All the Brilliant Trumpets
This week I heard a recording of the music Nadje Noordhuis wrote for FONT this past June. What a beautiful sound and thoughtful composer. She says she’s recording it soon and I recommend checking that out if you can.
Ambrose Akinmusire shared the stage with Avishai Cohen — truly inspiring to see trumpeters playing TOGETHER. No competition, just music. Clearly pushing each other to new creative heights, playing original music and a few re-arrangements of music by Bobby Bradford. They say there’s nothing new under the sun, but when you see two creatively and technically gifted trumpeters side by side playing in two widely divergent styles it just drives home how many personal developments have taken place on this instrument in the past decade or so. Those developments are shot through all the music of our time, on all instruments, but hearing these two trumpeters it couldn’t be any clearer. Both of these guys are pushing new frontiers in terms of phrasing, intervallic leaps, and rhythmic interplay with the rhythm section. Most of all — leaps of imagination. Let it be said that the rhythm section was exemplary and constantly inventive – Vijay Iyer, Chris Tordini, and Marcus Gilmore.

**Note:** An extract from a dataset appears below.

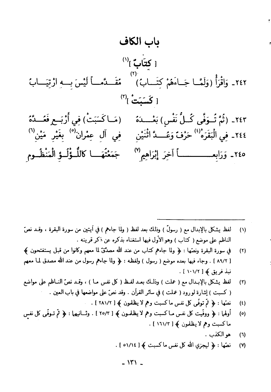 243 - (ثُمَّ تُوَفَّى كُلُّ نَفْسٍ) بَعْدَهُ ... (مَا كَسَبَتْ) فِي أَرْبَعٍ فَعُدَّهُ

On Friday Jeremy Pelt invited Eddie Henderson and David Weiss with the rhythm section of Marc Cary, Vicente Archer, and Gerald Cleaver. I’m not being sarcastic or ironic when I say it made me want to go home and practice. I love Jeremy’s sound and fluid facility. He has also been important to FONT as a board member, and every time he has a chance he highlights his hero Dr. Eddie Henderson, who played just as beautifully and lucidly as ever. They played some engagingly rearranged Bobby Bradford pieces and originals. It’s such a pleasure to hear a three trumpet gig that isn’t a high note fest, a rehash of old classics, or a battle of one-up-manship. Just pure music made now in our time.

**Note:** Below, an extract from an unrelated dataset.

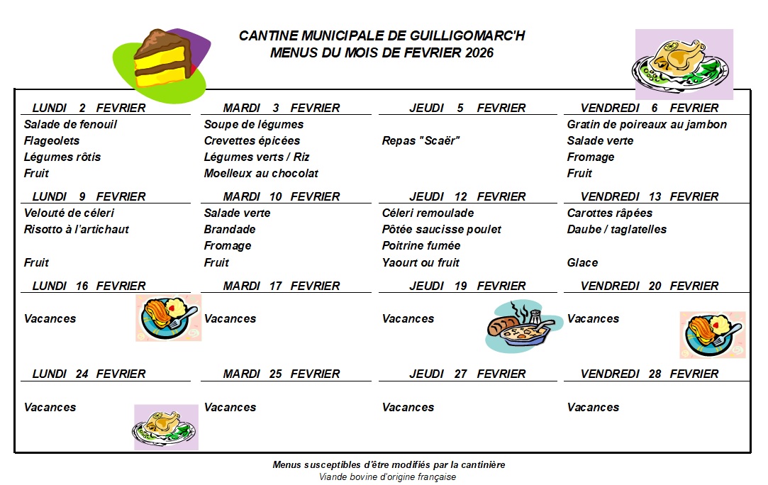 Menu de la cantine

Peter Evans and Nate Wooley joined me yesterday for a short performance and discussion of “extended techniques” for the trumpet. I’m putting that in quotes because we all had the same point to make that these kinds of things have been around a long time. Peter made a good point about Round Midnight being the first major bestselling example of extended trumpet techniques. Breathy, close-miked harmon mute with a lot of reverb and microtonal pitch bending? How bizarre!

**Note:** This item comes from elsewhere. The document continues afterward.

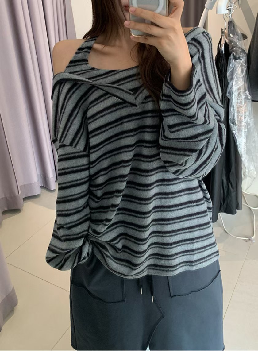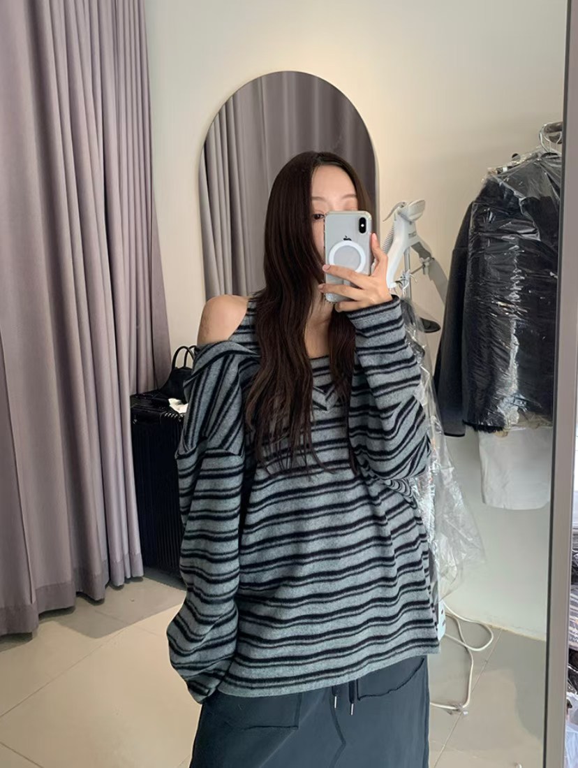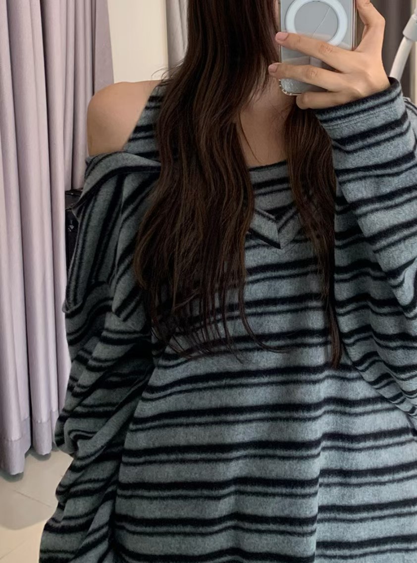 小露肩磨毛條紋連帽上衣

That aside, there really are things these two guys are doing that have only developed in the last decade or so. Trumpeters like Peter and Nate, Greg Kelley, Axel Doerner, Ed Harkins, Franz Hautzinger, Jaimie Branch, and others (if you know of others I’m leaving out, please reply in the comments or send me an email) have started using split tones, circular breathing, slap tonguing and many other techniques as the basis for their music. Nate said a lot of the impetus for the work he’s doing comes from listening to electronic music and sound/noise music. That kind of makes sense when you hear his uninterrupted tones affected by sheets of aluminum flashing covering the bell–with your eyes closed you would be hard pressed to identify it as trumpet music. When asked why he started developing these sonic resources on the trumpet, Peter said he does it because it’s fun. It was fun playing with Peter and Nate, I hope we get a chance to do it again some time. The session was recorded and FONT will produce a transcript of the conversation and possibly some sound samples.
Bobby Bradford played a beautiful gig with David Murray, Marty Ehrlich, Mark Dresser and Andrew Cyrille last night. I’m going to hear the Octet tonight. Bradford is being given the FONT Award of Recognition (the recipient is chosen democratically by the membership each year) this evening, and it is hard not to get emotional in seeing this cornetist and composer celebrating with a great band in NYC. Sold out houses were there to cheer him on and the music was rich and powerful.